Это действительно так. Но все же стоит заметить, что способность любого человека к самостоятельному поиску или, как минимум, к адекватному восприятию нестандартных решений, постепенно формирующих новый облик культуры, начинает воспитываться в нем отнюдь не с вхождением в тот или иной профессиональный цех, но, как кажется, уже с самых первых дней после его появления на свет. А это значит, что далеко не последнюю роль здесь играет общение с тем вещным миром, который достается ему в удел уже при его рождении. Именно это вещное окружение обеспечивает действительное вхождение человека и в уже сложившуюся систему общественных отношений (включая все основные измерения духовной и материальной культуры), и в мир опережающих сегодняшний день культурных (технических и гуманитарных) ценностей. Все то, что потом проявится в его сугубо профессиональной деятельности, уходит своими корнями именно в это начинающееся с самых первых дней его существования в этом мире общение.

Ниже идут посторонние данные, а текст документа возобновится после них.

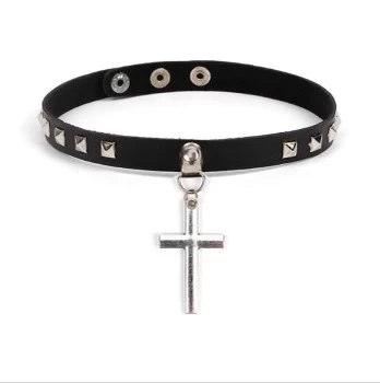 - Thin Black Choker with Pyramid Tiles / Silver Cross
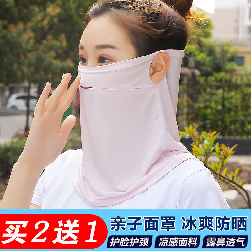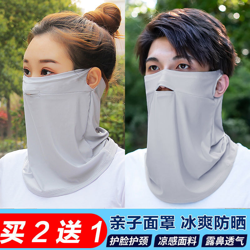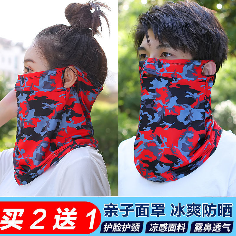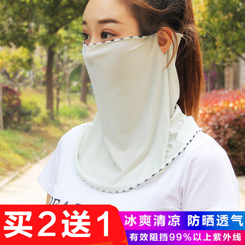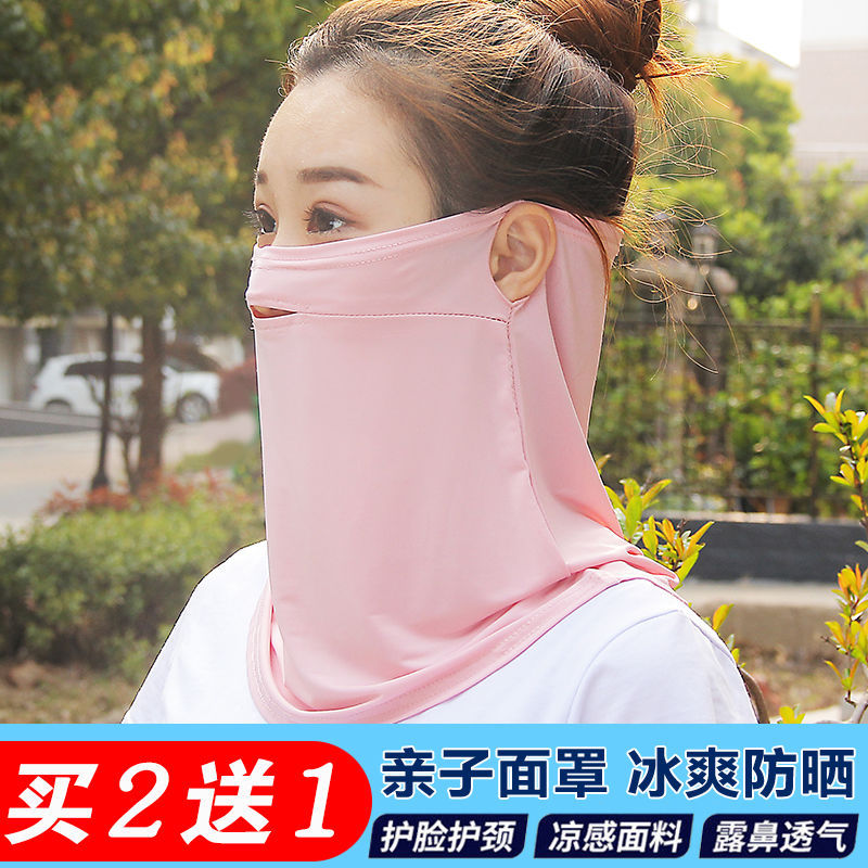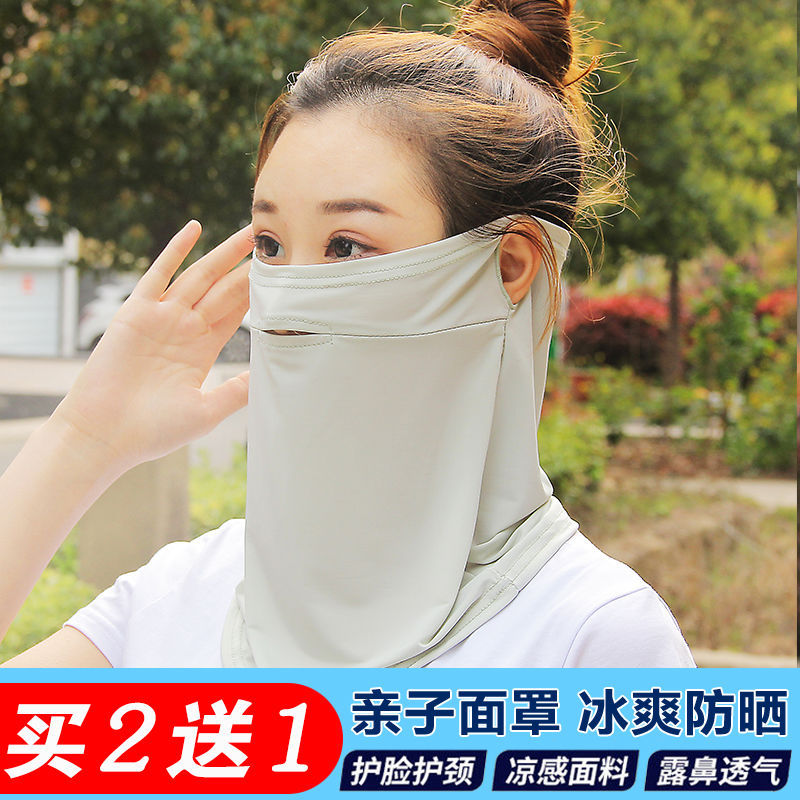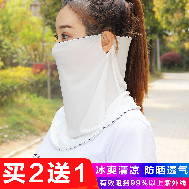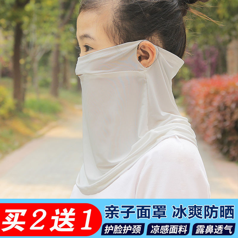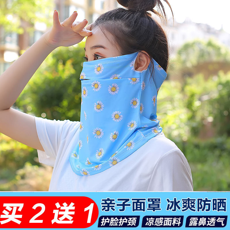 防晒面纱男女夏季遮全脸护颈户外骑车面罩挂耳小丝巾薄冰丝围脖子

Трудно сказать, как именно появляются творчески одаренные люди. Но заметим: в теории развития общества недопустимо оперировать измерением отдельно взятого индивида, словом, замыкаться в рамках так называемой социальной "робинзонзонады". Ни один общественный закон не применим к индивиду, практически все они носят лишь статистический характер. Если же принимать во внимание большие статистические массивы, то, наверное, можно утверждать, что включение каких-то таинственных механизмов формирования склонных к творчеству людей происходит благодаря постоянному появлению в каждой группе потребительных стоимостей, призванных удовлетворять ту или иную потребность, особой, престижной группы товаров, которые воплощают собой авангардные тенденции в развитии многих сфер общественной жизни. Говоря иными словами, товаров, воплощающих в себе самые передовые виды общественно необходимого труда. Во многом именно существование таких престижных товарных групп, которые опережают сложившиеся стандарты сегодняшнего дня, способствует формированию у статистических контингентов и способности к восприятию нового, и объективной потребности в нем.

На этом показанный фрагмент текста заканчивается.